Depression is a severe mental illness that affects hundreds of millions of people worldwide. In recent years, depression detection methods that integrate multimodal information have achieved significant results. However, limited by the small sample size of depression datasets, previous studies primarily focus on the impact of heterogeneous information in multimodal fusion, while deep interactions within each modality are often overlooked. Moreover, previous multimodal fusion methods often employed concatenation operations, which only allow modal features to be statically combined in the vector space and do not explicitly model the cross-modal semantic relationships. To address these issues, we propose a novel method named Multi-level Spatiotemporal Graph Attention Fusion (MSGAF), which enhances information interaction and sharing through multi-step fusion both within and between modalities. Specifically, within each modality containing multiple features, we designed a Multi-feature Temporal Fusion (MTF) module. The MTF module can fuse various features during the same time period to discover interactions among these features. For multimodal fusion, we adopt a multi-level fusion strategy to integrate these modalities, with the fusion process is represented as a Bidirectional Fusion Graph (BiFG). The graph attention mechanism is utilized to aggregate node information across the spatial neighborhood of the BiFG, which allows the graph structure to dynamically and adaptively capture the asymmetric relationships between modalities. Extensive experiments and analyses demonstrate the effectiveness of MSGAF, which achieves state-of-the-art performance on both the DAIC-WOZ and E-DAIC datasets. The code is available at: https://github.com/wenbin-zheng/MSGAF

求助全文

通过发布文献求助，成功后即可免费获取论文全文。

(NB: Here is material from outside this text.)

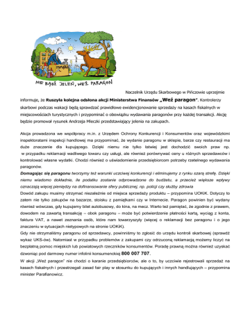 Naczelnik Urzędu Skarbowego w Pińczowie uprzejmie informuje, że Ruszyła kolejna odsłona akcji Ministerstwa Finansów „Weź paragon”. Kontrolerzy skarbowi podczas wakacji będą sprawdzać prawidłowe ewidencjonowanie sprzedaży na kasach fiskalnych w miejscowościach turystycznych i przypominać o obowiązku wydawania paragonów przy każdej transakcji. Akcję będzie promował rysunek Andrzeja Mleczki przedstawiający jelenia na zakupach. Akcja prowadzona we współpracy m.in. z Urzędem Ochrony Konkurencji i Konsumentów oraz wojewódzkimi inspektoratami inspekcji handlowej ma przypominać, że wydanie paragonu w sklepie, barze czy restauracji ma duże znaczenie dla kupującego. Dzięki niemu nie tylko łatwiej jest dochodzić swoich praw np. w przypadku reklamacji wadliwego towaru czy usługi, ale również porównywać ceny u różnych sprzedawców i kontrolować własne wydatki. Chodzi również o uświadomienie przedsiębiorcom potrzeby rzetelnego wydawania paragonów. Domagając się paragonu tworzymy też warunki uczciwej konkurencji i eliminujemy z rynku szarą strefę. Dzięki niemu wiadomo dokładnie, ile podatku zostanie odprowadzone do budżetu, a przecież większe wpływy oznaczają więcej pieniędzy na dofinansowanie sfery publicznej, np. policji czy służby zdrowia Dowód zakupu musimy otrzymać niezależnie od miejsca sprzedaży produktu – przypomina UOKiK. Dotyczy to zatem nie tylko zakupów na bazarze, stoisku z pamiątkami czy w Internecie. Paragon powinien być wydany również wówczas, gdy kupujemy bilet autobusowy, do kina, na mecz. Warto też pamiętać, że zgodnie z prawem, dowodem na zawartą transakcję – obok paragonu – może być potwierdzenie płatności kartą, wyciąg z konta, faktura VAT, a nawet zeznania osób, które nam towarzyszyły (więcej o reklamacji bez paragonu i o jego znaczeniu w sytuacjach nietypowych na stronie UOKiK). Gdy nie otrzymaliśmy paragonu od sprzedawcy, powinniśmy to zgłosić do urzędu kontroli skarbowej (sprawdź wykaz UKS-ów). Natomiast w przypadku problemów z zakupami czy odrzuconą reklamacją możemy liczyć na bezpłatną pomoc miejskich lub powiatowych rzeczników konsumentów. Poradę prawną można również uzyskać dzwoniąc pod darmowy numer infolinii konsumenckiej 800 007 707. W akcji „Weź paragon” nie chodzi o karanie przedsiębiorców, ale o to, by uczciwie rejestrowali sprzedaż na kasach fiskalnych i przestrzegali zasad fair play w stosunku do kupujących i innych handlujących – przypomina minister Parafianowicz.

去求助

来源期刊

Biomedical Signal Processing and Control 工程技术-工程：生物医学

CiteScore

9.80

自引率

13.70%

发文量

822

审稿时长

4 months

期刊介绍： Biomedical Signal Processing and Control aims to provide a cross-disciplinary international forum for the interchange of information on research in the measurement and analysis of signals and images in clinical medicine and the biological sciences. Emphasis is placed on contributions dealing with the practical, applications-led research on the use of methods and devices in clinical diagnosis, patient monitoring and management. Biomedical Signal Processing and Control reflects the main areas in which these methods are being used and developed at the interface of both engineering and clinical science. The scope of the journal is defined to include relevant review papers, technical notes, short communications and letters. Tutorial papers and special issues will also be published.